• _ACTIVITY_: What you should give back is a precise copy of the lines below from the one containing "Uitnodiging die perfect" through the one containing "ラプンツェルとパスカルの指人", with no pictures.

Dataset excerpts:
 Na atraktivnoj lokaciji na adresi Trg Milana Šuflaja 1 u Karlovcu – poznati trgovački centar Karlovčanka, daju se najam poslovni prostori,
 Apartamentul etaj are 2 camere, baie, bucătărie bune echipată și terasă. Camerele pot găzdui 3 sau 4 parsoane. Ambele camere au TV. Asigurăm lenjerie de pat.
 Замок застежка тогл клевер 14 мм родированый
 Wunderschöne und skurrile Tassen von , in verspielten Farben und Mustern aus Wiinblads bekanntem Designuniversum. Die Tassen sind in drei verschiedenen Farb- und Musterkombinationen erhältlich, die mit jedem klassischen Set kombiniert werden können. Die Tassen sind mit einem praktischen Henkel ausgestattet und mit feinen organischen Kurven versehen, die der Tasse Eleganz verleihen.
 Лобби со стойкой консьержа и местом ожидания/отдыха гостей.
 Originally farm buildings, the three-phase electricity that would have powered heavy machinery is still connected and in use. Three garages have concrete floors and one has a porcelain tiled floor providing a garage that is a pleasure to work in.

--

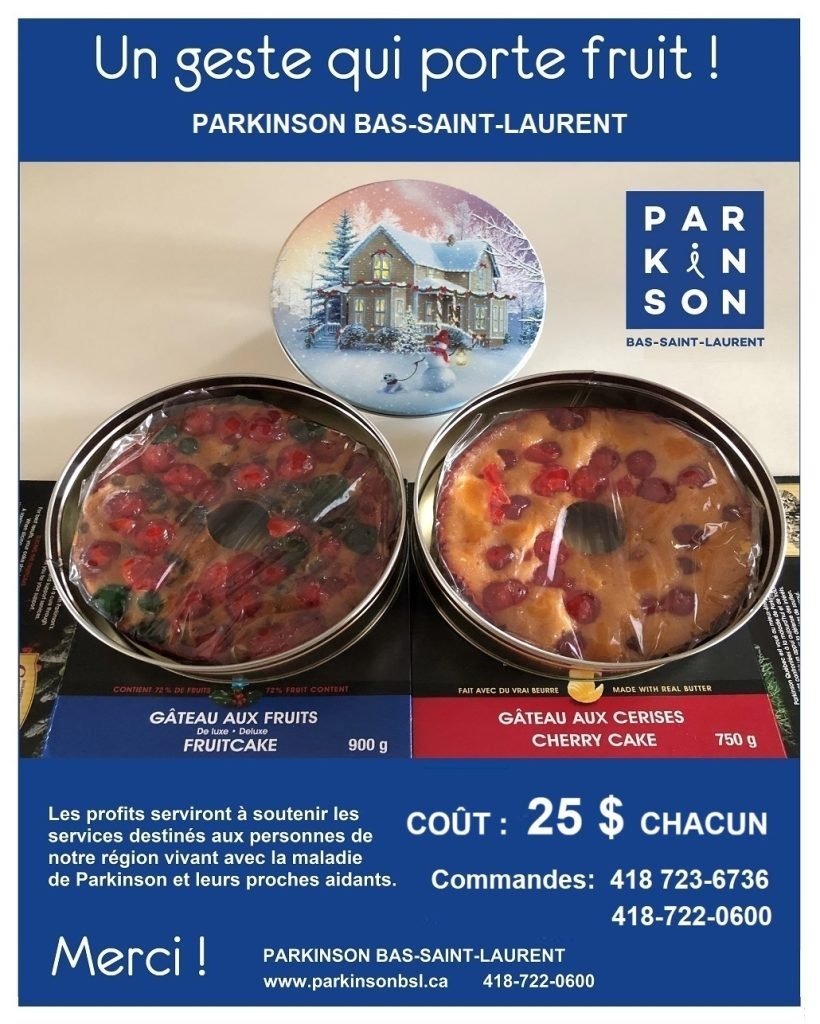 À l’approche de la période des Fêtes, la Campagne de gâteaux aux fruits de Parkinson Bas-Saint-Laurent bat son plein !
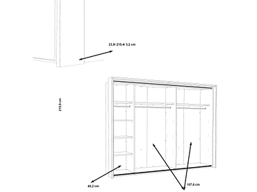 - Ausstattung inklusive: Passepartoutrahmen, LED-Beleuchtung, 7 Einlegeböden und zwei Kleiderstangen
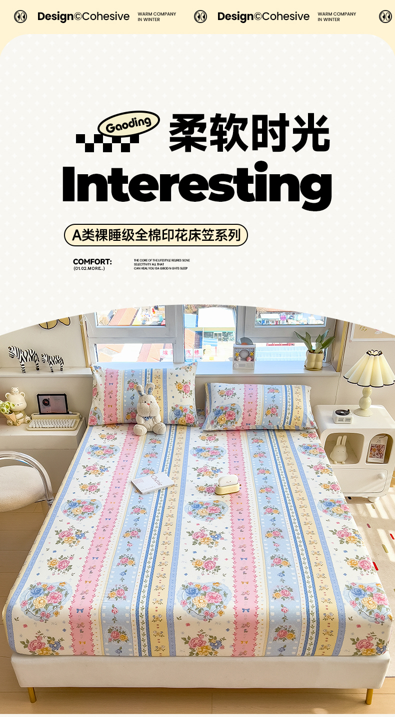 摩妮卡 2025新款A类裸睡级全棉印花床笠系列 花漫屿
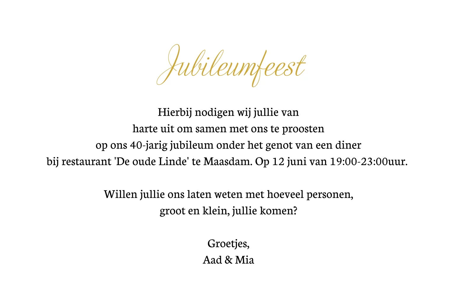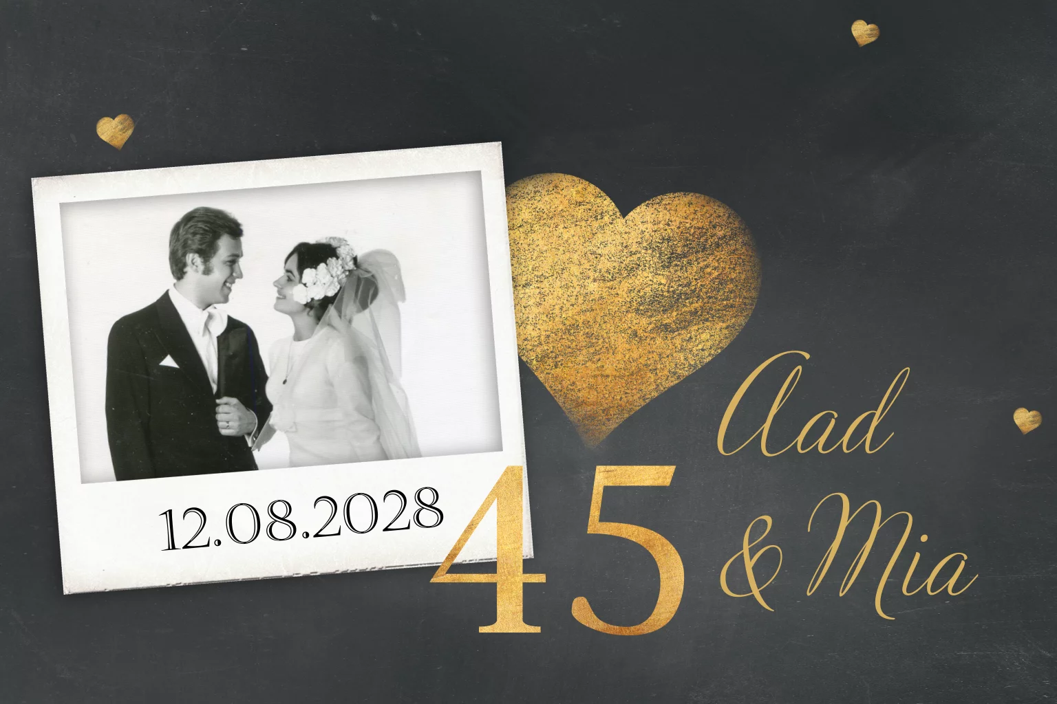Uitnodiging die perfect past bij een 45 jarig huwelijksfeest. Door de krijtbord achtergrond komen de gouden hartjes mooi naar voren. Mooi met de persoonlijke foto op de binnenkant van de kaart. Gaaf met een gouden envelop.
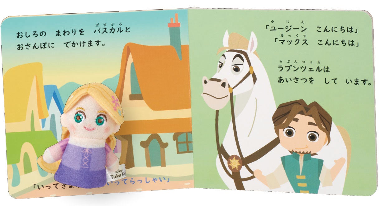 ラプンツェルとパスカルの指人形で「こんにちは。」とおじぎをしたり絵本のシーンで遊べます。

• _ANSWER SECTION_:
Uitnodiging die perfect past bij een 45 jarig huwelijksfeest. Door de krijtbord achtergrond komen de gouden hartjes mooi naar voren. Mooi met de persoonlijke foto op de binnenkant van de kaart. Gaaf met een gouden envelop.
 ラプンツェルとパスカルの指人形で「こんにちは。」とおじぎをしたり絵本のシーンで遊べます。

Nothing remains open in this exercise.